Connect research and design—Most importantly, deeply and iteratively connect research and design. Research is not the same thing as evaluation—to determine whether something worked. Research can and should be formative: it can help shape the trajectory of design and development to lead to a better product. Design-based research (Brown, 1992) should be the backbone of learning games development. This methodology from the learning sciences promotes an iterative approach to design, development, and research, leading to better products and findings that help communicate why elements of the product are or are not working. Connecting research, design, and development makes this methodology more effective.
Connect research and implementation—There are many reasons that a game might succeed or fail in a classroom, only some of which are related to the game itself. The details of implementation are also critical for the success of the game. So research should also investigate the details of implementation. This includes information on what professional development was provided, the classroom materials that were used, and even the marketing messages to the intended audience. Documenting these factors so that they can be improved is also a key pathway to success.

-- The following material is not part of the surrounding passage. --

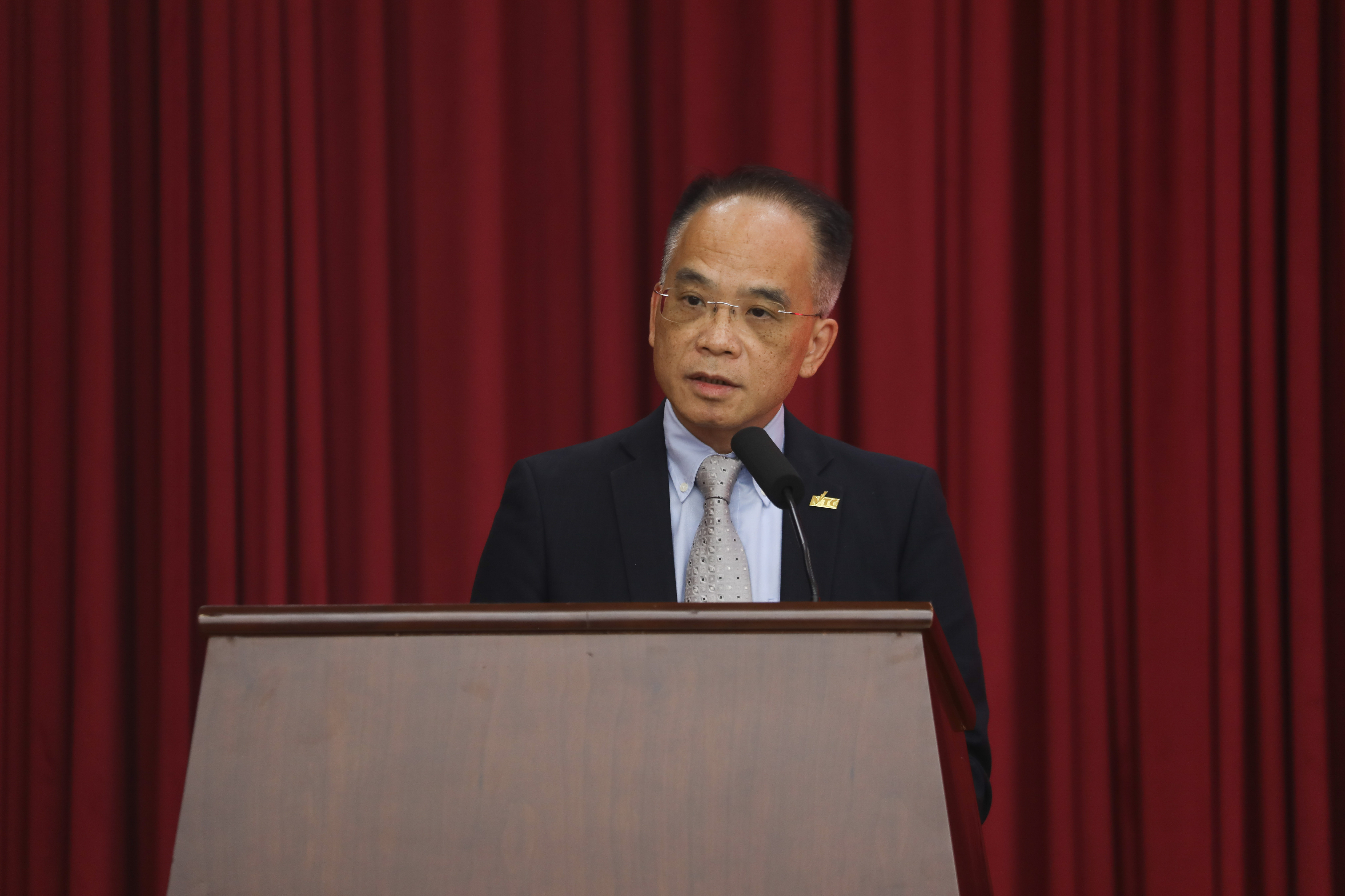 苏伟文代表香港职业训练局高峰进修学院,对86名2023级桂港合作专业新生入学表示欢迎,希望各位同学在南职院好好学习,为将来赴香港交流学习打下坚实基础。

Research on learning games is as complex as the design and development of these games. Good research is also equally as important as good design and development for the success of learning games. Research helps inform teachers, administrators, policymakers, and, most critically, the designers and developers themselves. Engaging seriously in this process has allowed us to not only develop products that we are proud of as products, but understand what is unique and interesting about them. It helps us abstract the details of what we are developing so that they are not just instances of games, but instances of ideas. The products may come and go, but the ideas behind them are what we expect to endure. They are what we hope resonates.